- _Given records_:
Segment Open

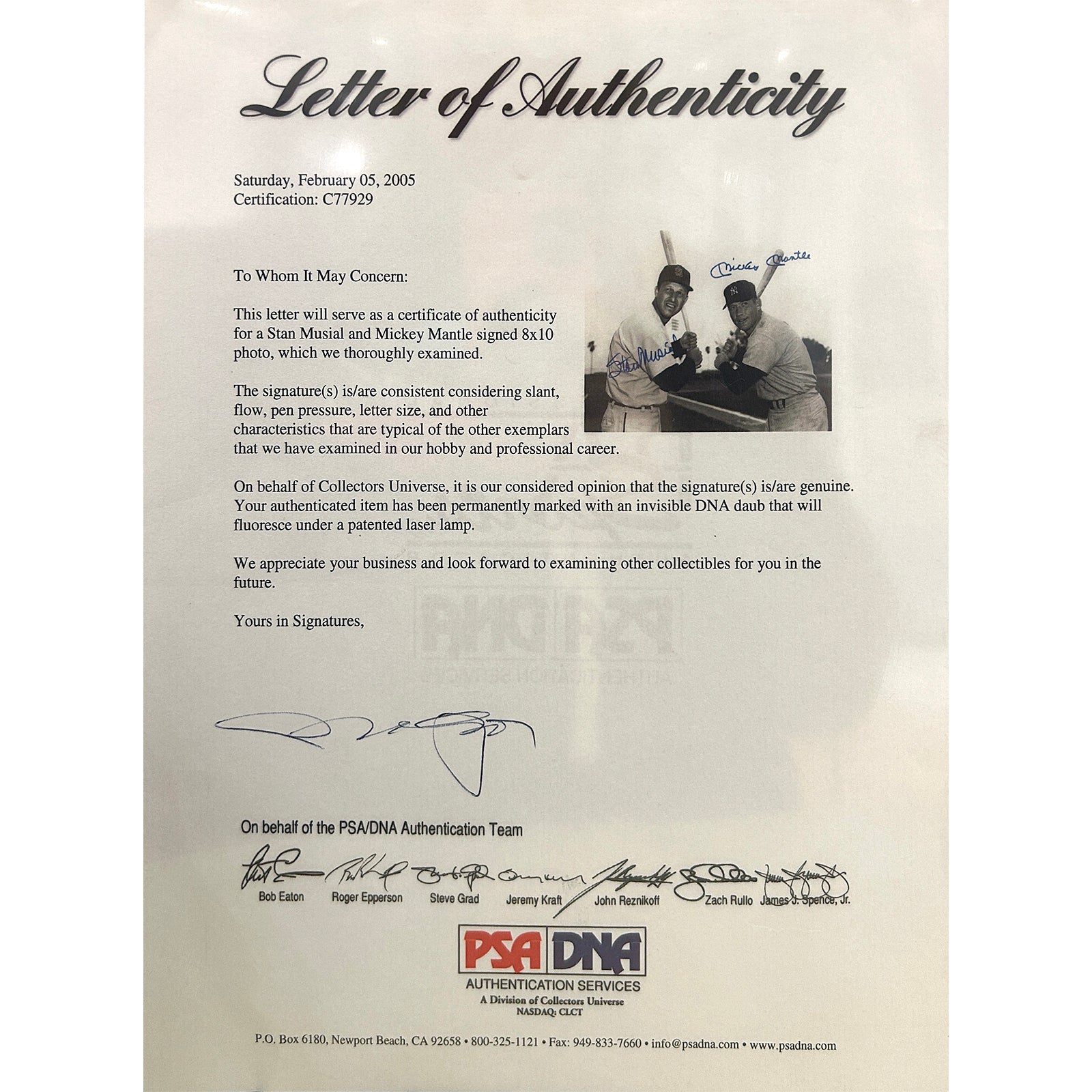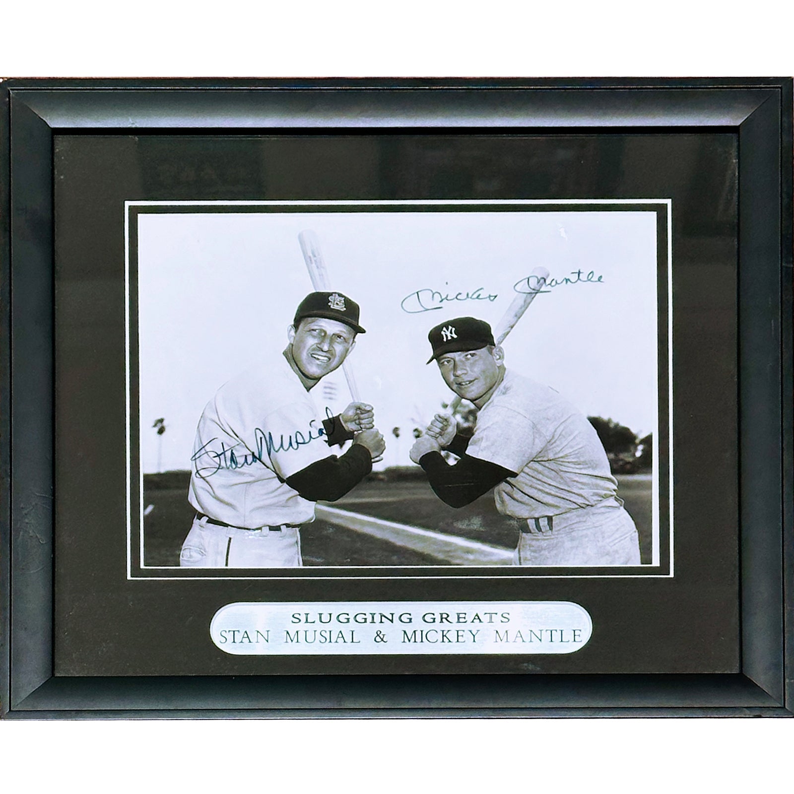 Relive the glory days of baseball with this limited edition deluxe framed photograph featuring autographs from two legendary players, Mickey Mantle and Stan Musial. Proudly display this JSA authenticated piece in your home or office, knowing that you are a part of baseball history. The perfect addition to any sports fan's collection, this item is sure to inspire strong emotions and bring back cherished memories. Don't miss your chance to own a one-of-a-kind piece of iconic sports memorabilia!
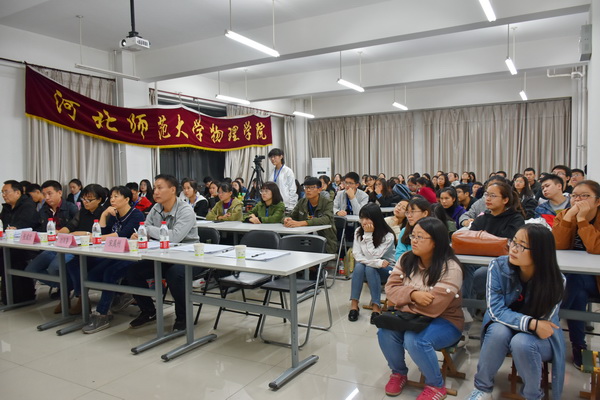 10月17日晚上,我院在理科群2号楼A302教室成功举办了师范生教学技能大赛暨第26期顶岗实习展示活动。比赛特邀正在我校参加“2018年中学物理骨干教师培训班“的石家庄二中刘凤果主任、石家庄二十四中宋禹州主任、石家庄二中实验学校张成欣主任、邯郸一中何文明主任,秦皇岛一中高东明主任等五位一线骨干教师担任评委。比赛吸引了色中色近百名学生到场观摩学习。
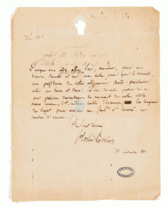 La seconde lettre connue d'Hector Berlioz à Alfred de Vigny qui s'étaient rencontrés quelque temps auparavant par l'entremise d'Auguste Barbier et d'Auguste Brizeux :
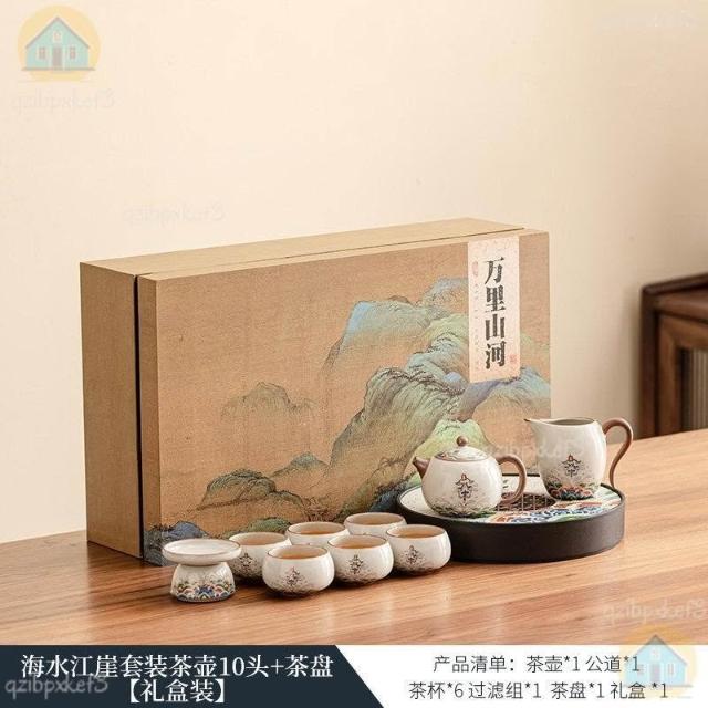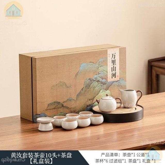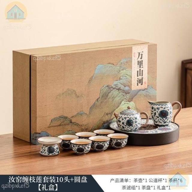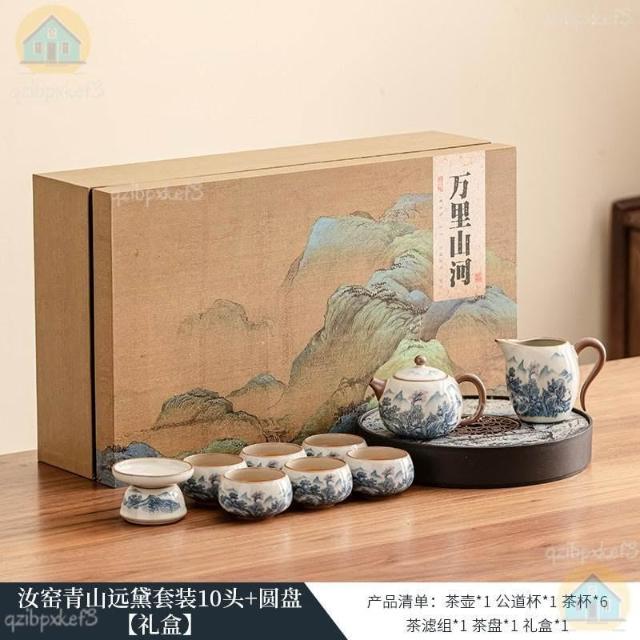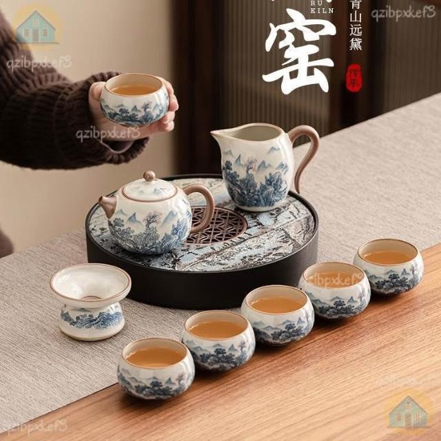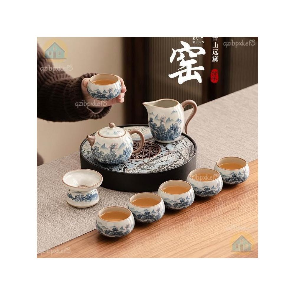 附發票🔈汝窯茶具套裝 家用茶具組 茶具包 茶壺 旅行茶具 外出茶具 泡茶禮盒輕奢高檔喬遷新居退休離
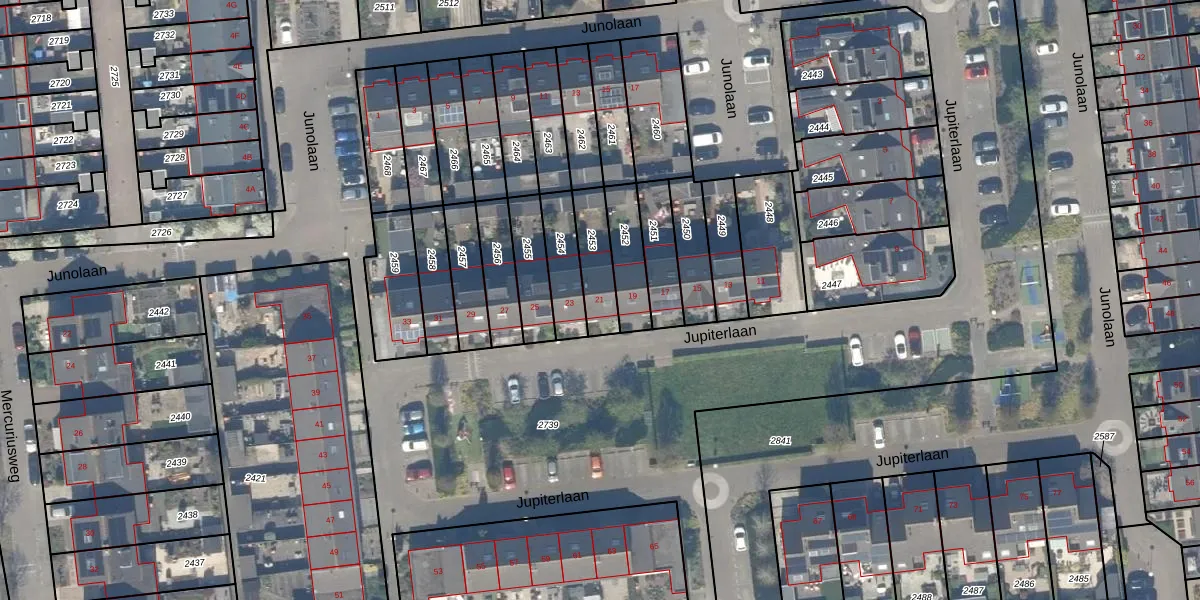 Jupiterlaan 21 is gelegen op kadastraal perceel WDV01F2453. Deze kadastrale aanduiding is uniek en wordt gebruikt door het Kadaster om eigendomsrechten en andere zakelijke rechten vast te leggen. Het perceel maakt onderdeel uit van de kadastrale gemeente Waddinxveen.
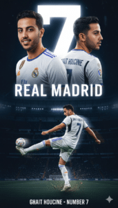 Professional football (soccer) poster featuring [refer image]. Keep the original face, hair, shape, and angle exactly as in the image. Show the perSon in three perspectives: a super close-up portrait with real madrid jersey 2025, a side profile view wearing a real madrid football jersey 2025 in the back name Ghait Houcine, and a full-body shot in full football kit (jersey real madrid 2025, shorts, socks, and cleats) with sponsor logos. At the bottom, place a dynamic action scene of the player performing a powerful Salto kick with motion blur and flying grass around. The jersey must clearly display the number 7 on the front, back, and shorts. Use a bold dark White Santiago bernabeu stadium background with a large number 7 dan nama ‘real madrid’ glowing behind the character
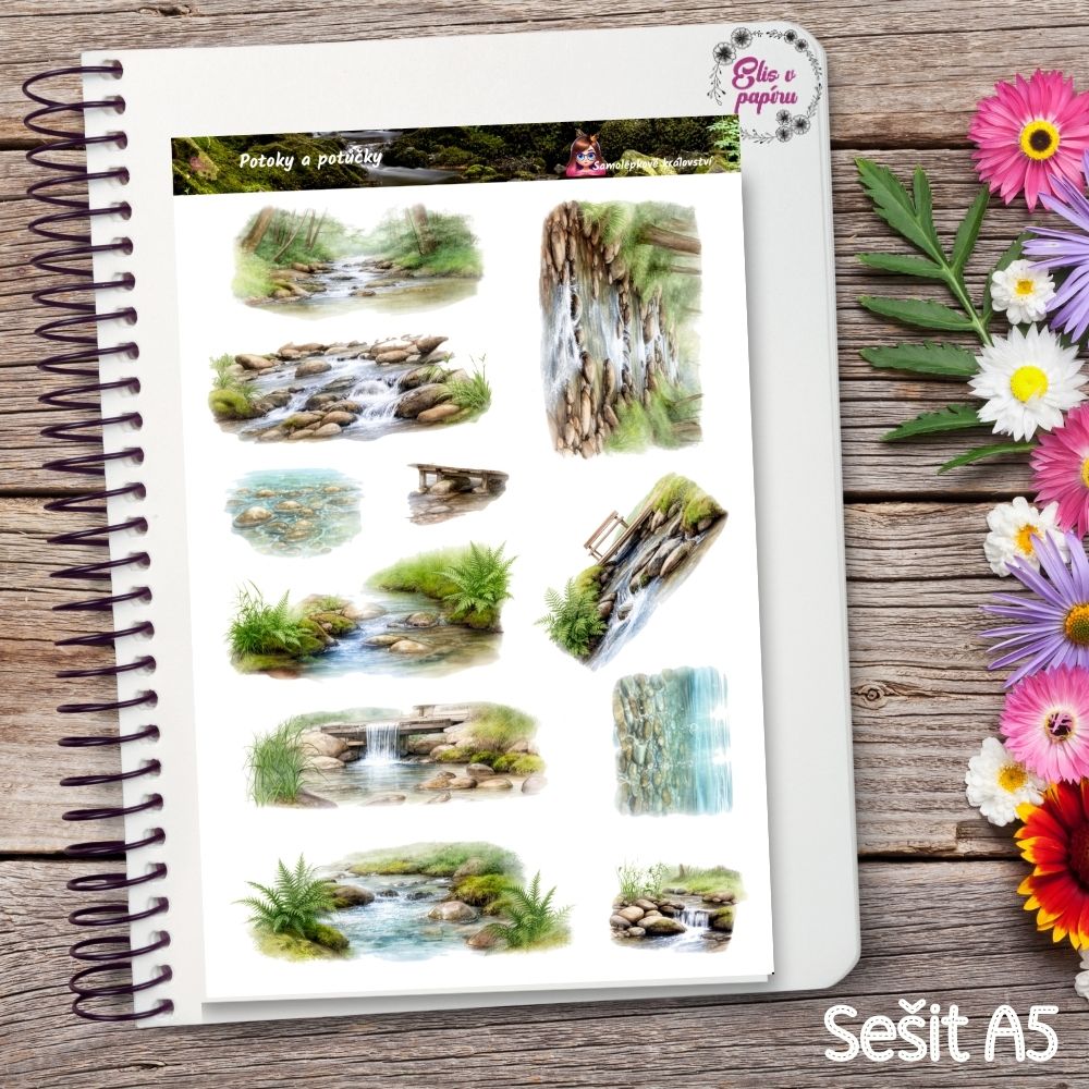 Najdeš tu potoky, kameny, malé vodopády i detaily vody v přírodě. Motivy jsou jemné, realistické a velmi harmonické. Tyto samolepky do diáře krásně doplní diářové samolepky i samolepky na bujo. Skvěle se hodí i jako papírové samolepky na scrapbook.
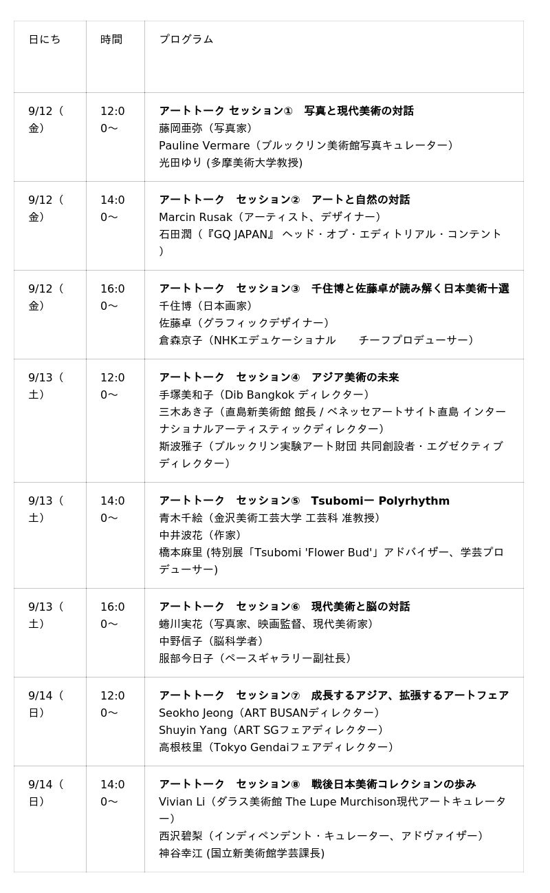 2025年は、日本全国で文化活動が活発になる重要な時期かつ、芸術の秋の訪れでもある9月に開催時期を変更することで、国内におけるアート・エコシステムにおける役割を強化すると同時に、国内外の企業・芸術文化機関との新たなコラボレーションやパートナーシップを導入し、日本の確立されたギャラリーシーンに更なる可能性を広げ、他にはない文化交流の新たな機会を提供します。
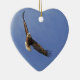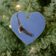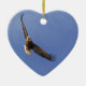 Uma águia-careca adulta numa curva afiada, realçada por um céu azul.
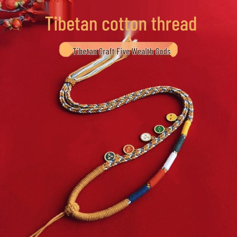 Пятирядное тибетское хлопковое ожерелье с подвеской-амулетом Танка и Будда
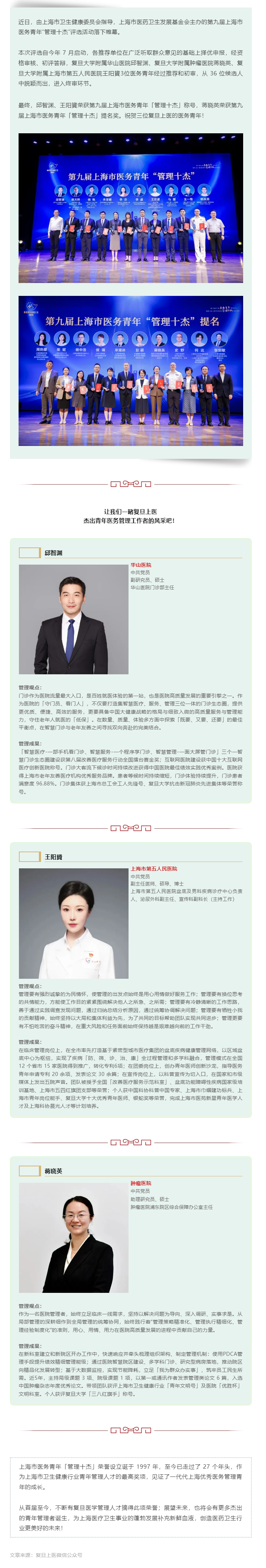 邱智渊、王阳贇荣获第九届上海市医务青年「管理十杰」称号,蒋晓英荣获第九届上海市医务青年「管理十杰」提名奖。

Segment Closed

- _Work instructions_:
From the first line of the entries above down to the line holding "Jupiterlaan 21 is", quote each line exactly and nothing else, skipping pictures.

- _Written response_:
 Relive the glory days of baseball with this limited edition deluxe framed photograph featuring autographs from two legendary players, Mickey Mantle and Stan Musial. Proudly display this JSA authenticated piece in your home or office, knowing that you are a part of baseball history. The perfect addition to any sports fan's collection, this item is sure to inspire strong emotions and bring back cherished memories. Don't miss your chance to own a one-of-a-kind piece of iconic sports memorabilia!
 10月17日晚上,我院在理科群2号楼A302教室成功举办了师范生教学技能大赛暨第26期顶岗实习展示活动。比赛特邀正在我校参加“2018年中学物理骨干教师培训班“的石家庄二中刘凤果主任、石家庄二十四中宋禹州主任、石家庄二中实验学校张成欣主任、邯郸一中何文明主任,秦皇岛一中高东明主任等五位一线骨干教师担任评委。比赛吸引了色中色近百名学生到场观摩学习。
 La seconde lettre connue d'Hector Berlioz à Alfred de Vigny qui s'étaient rencontrés quelque temps auparavant par l'entremise d'Auguste Barbier et d'Auguste Brizeux :
 附發票🔈汝窯茶具套裝 家用茶具組 茶具包 茶壺 旅行茶具 外出茶具 泡茶禮盒輕奢高檔喬遷新居退休離
 Jupiterlaan 21 is gelegen op kadastraal perceel WDV01F2453. Deze kadastrale aanduiding is uniek en wordt gebruikt door het Kadaster om eigendomsrechten en andere zakelijke rechten vast te leggen. Het perceel maakt onderdeel uit van de kadastrale gemeente Waddinxveen.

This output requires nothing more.